Learn more: https://developer.tbd.website/projects/web5/

Blockcore Vault is a work-in-progress and is focused on delivering implementation of open standard specifications developed by the Decentralized Identity Foundation (DIF).

The various standards are currently in development, so the Blockcore Vault will continue to be in development and change according to the specifications.

Blockcore Vault is not a reference implementation of the standards, and we have limited development resources available for implementation, so we will implement parts of the standards. We strive towards interopability with other implementations, but can't do full standard implementations without funding and support.

To learn more about the definitions and concepts, make sure you check out the Decentralized Identity FAQ.

All Your Devices

Blockcore Vault will in the future be available for many devices, and all your data will flow with you across those devices. Your diplomas, tickets, receipts, messages and everything else of important data in your life, will be accessible from Blockcore Vault (or Blockcore DWN) on all your digital devices. All your data will seamlessly synchronize between your devices.

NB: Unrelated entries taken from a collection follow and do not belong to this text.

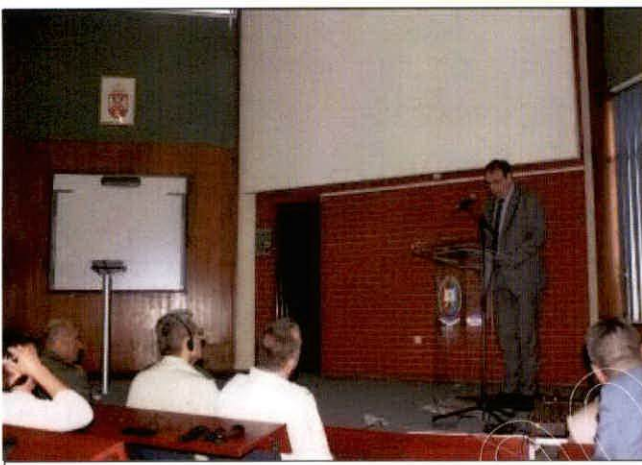
塞爾維亞國防大學參訪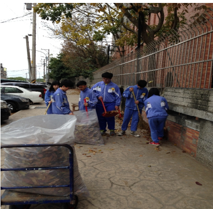
【學校衛生】社區打掃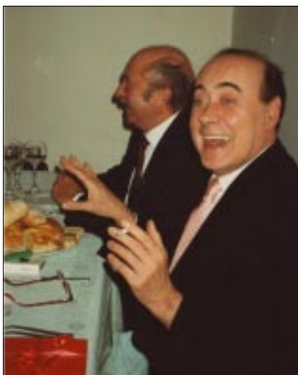
Victor, allegria a tavola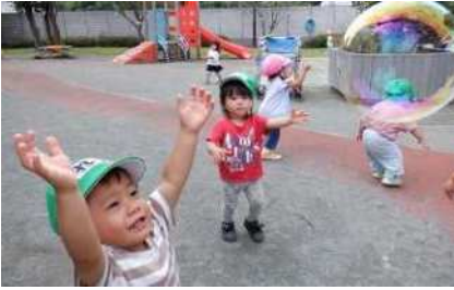
健康で元気に活動することも

《教育目標》・・・学校法人として50年以上続く「森の詩幼稚園」の教育目標と同様です。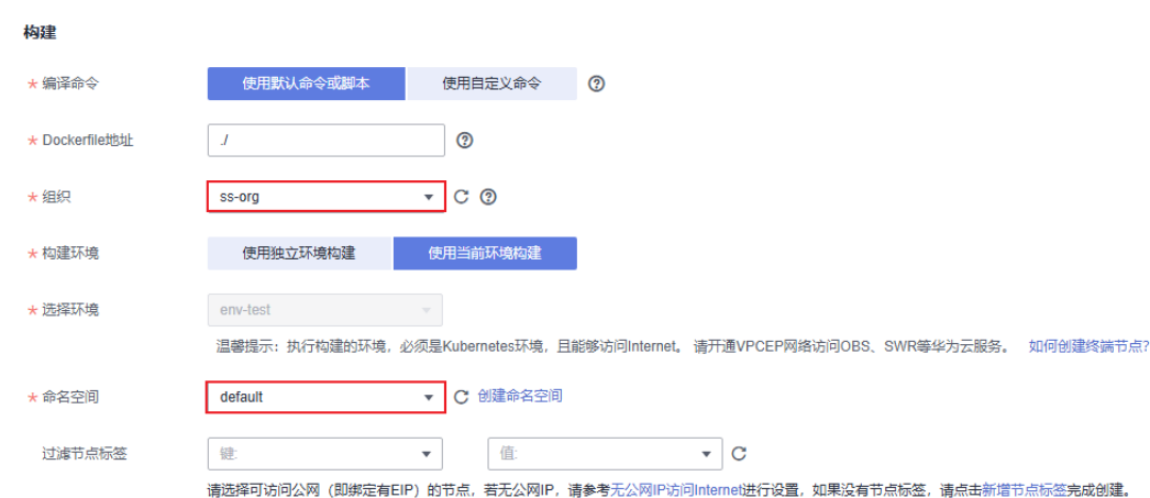
图 1-11 设置构建参数

For sharing with friends, family and the public, you can rent or host your own Blockcore Vault Server in the cloud, or at home. This will allow you to share with others, data that is always accessible and online, even when you are not.

Setup

To set up the application, first clone the repo. Then, install the dependencies by running npm:

npm run setup

Build and Serve

You can easily build and serve the app in production mode:

npm run static

This will run both api and ui build and hosting in parallel, there are no auto-reloads.

You can access the UI:

http://localhost:4350

Run and Reload

npm start

This will perform a static build of the API, serve that API and then host an dynamic instance of the UI with auto-reload.

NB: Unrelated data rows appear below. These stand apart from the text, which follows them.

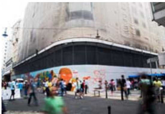
Espaço Provisório do Sesc 24 de Maio funcionando

O papa Bento XVI ficou no Mosteiro de São Bento nos dias 9, 10 e 11. Ele participou de várias atividades, conversou com autoridades e abençoou 11 vezes da sacada do Mosteiro a multidão que se aglomerava no Largo São Bento. Quando ele saía para outros locais as pessoas tomavam as ruas para vê-lo. A visita foi um sucesso e ele pode voltar em 2011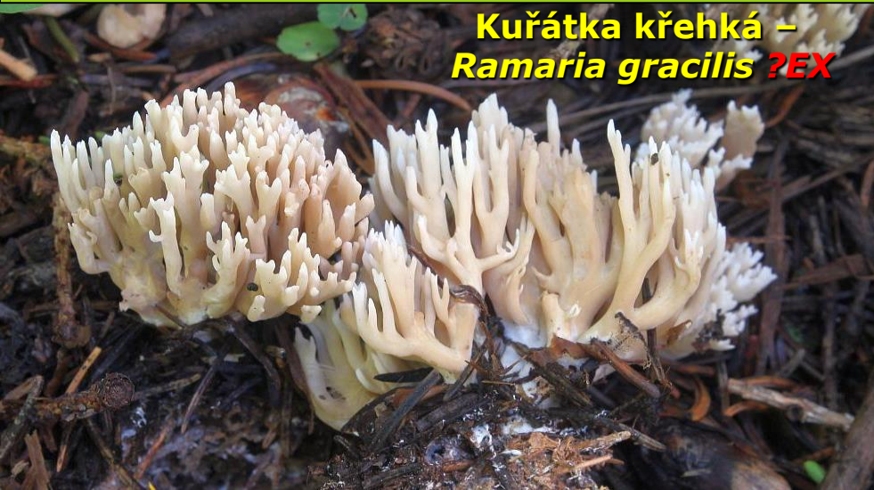
Kuřátka křehká – Ramaria gracilis ?EX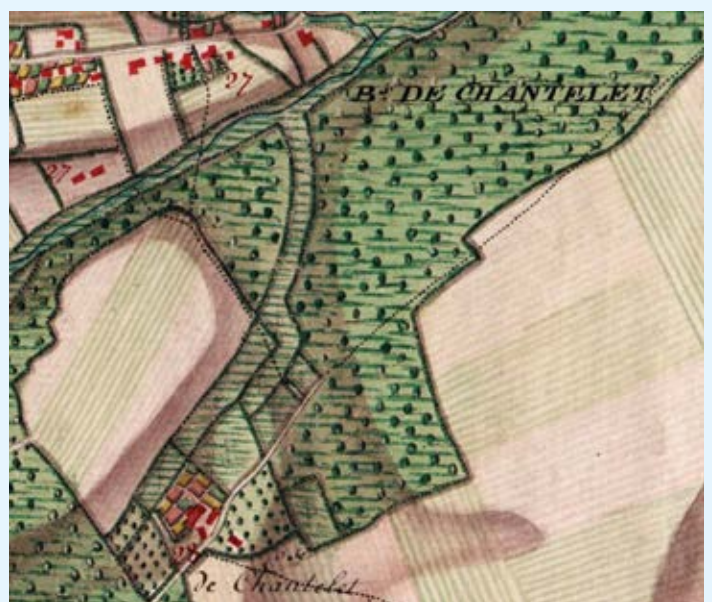
La chapelle du Chantelet et son domaine à Vieux-Genappe

Riquet A., Letroye J. & Piermarini S., 2015. (Documents, 9)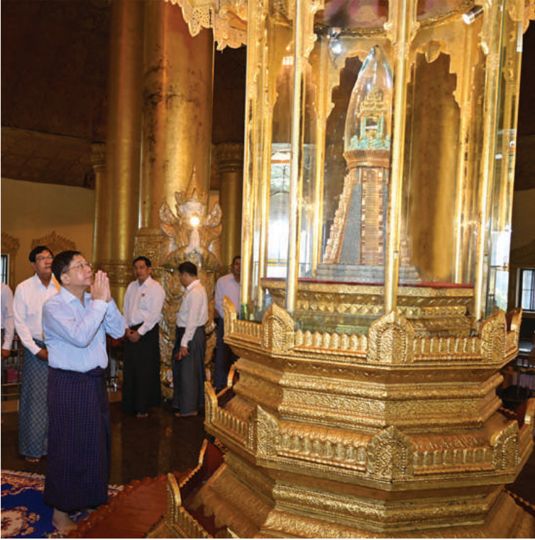
နိုင်ငံတော်စီမံအုပ်ချုပ်ရေးကောင်စီဥက္ကဋ္ဌ နိုင်ငံတော်ဝန်ကြီးချုပ် ဗိုလ်ချုပ်မှူးကြီး မင်းအောင်လှိုင် စွယ်တော်မြတ်စေတီတော်ကြီးတွင် ကိန်းဝပ်စံပယ်တော်မူလျက်ရှိသည့် မြတ်ဗုဒ္ဓ၏စွယ်တော်ပွားကို ဖူးမြော်ကြည့်ညှိစဉ်။

Both API and UI is hosted on different ports:

UI: http://localhost:4202
API: http://localhost:4350

Build and Deploy

Building the production code and prepare it for deployment can be done using:

npm run build

This will build both the api (Node.js) and the ui (Angular) and copy the output from the ui into the API. This allows both the API and UI to be hosted on same web server.

Docker

The dockerfile will take pre-built output and copy that into the image.

Making Requests

The server has many different endpoints:

  • GET /.well-known/did.json—Returns the DID of the server.

  • GET /.well-known/did-configuration.json—Returns the DID Configuration of the server.

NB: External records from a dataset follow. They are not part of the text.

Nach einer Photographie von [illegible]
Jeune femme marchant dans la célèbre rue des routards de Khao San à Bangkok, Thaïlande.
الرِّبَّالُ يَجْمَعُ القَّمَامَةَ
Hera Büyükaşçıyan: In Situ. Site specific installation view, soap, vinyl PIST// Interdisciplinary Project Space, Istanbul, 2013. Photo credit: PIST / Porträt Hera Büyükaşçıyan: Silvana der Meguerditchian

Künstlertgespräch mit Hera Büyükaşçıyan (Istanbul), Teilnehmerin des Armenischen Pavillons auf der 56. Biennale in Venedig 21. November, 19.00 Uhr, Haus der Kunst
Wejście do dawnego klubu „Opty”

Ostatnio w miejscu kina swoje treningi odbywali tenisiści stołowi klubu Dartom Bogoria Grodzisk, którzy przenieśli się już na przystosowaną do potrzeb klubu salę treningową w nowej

  • GET /.well-known/vault-configuration.json—Returns the Vault Configuration of the server

  • GET /—Returns all registered vaults.

  • POST /vault—Adds another vault as a trusted vault to this vault.

  • DELETE /vault—Removes another vault as a trusted vault on this vault.

The GET endpoint can be viewed simply by navigating to http://localhost:3000. You should see "Welcome to Blockcore Vault".

Controllers

Vault ("Confidential Storage") API

Allows CRUD operations over DataVaultConfiguration, allows a vault to have multiple parties that are allowed to post data to it.

When a new DataVaultConfiguration is submitted, the storage provider can run the Blockcore Vault software in a public and free mode or in manual approval mode, where individual vaults must be approved before they can be used by the data vault controller or storage agent.

Example data vault URL:

http://localhost:3000/data/z4sRgBJJLnYy

All operations on the Vault requires requests to be signed by the keys specified in the DID Document. If the software is unable to resolve the DID Document, then verification will fail and storage will not be possible.

Replication configuration is part of the vault creation operation.

Vault type should be part of the vault creation operation. Vault types could be encrypted, unencrypted, immutable, mutable, etc.

Server ("Management") API

Allows a storage provider (administrator) to register and manage trusted Blockcore Vault instances to syncronize data with.

.well-known API

Allows for public discovery using known URLs to find DID, DID Configuration and Vault Configuration.

Statistics ("Stats") API

Used to retrieve various metrics recorded by the Blockcore Vault instance. This can be used to analyze the usage performed by various vault contributors.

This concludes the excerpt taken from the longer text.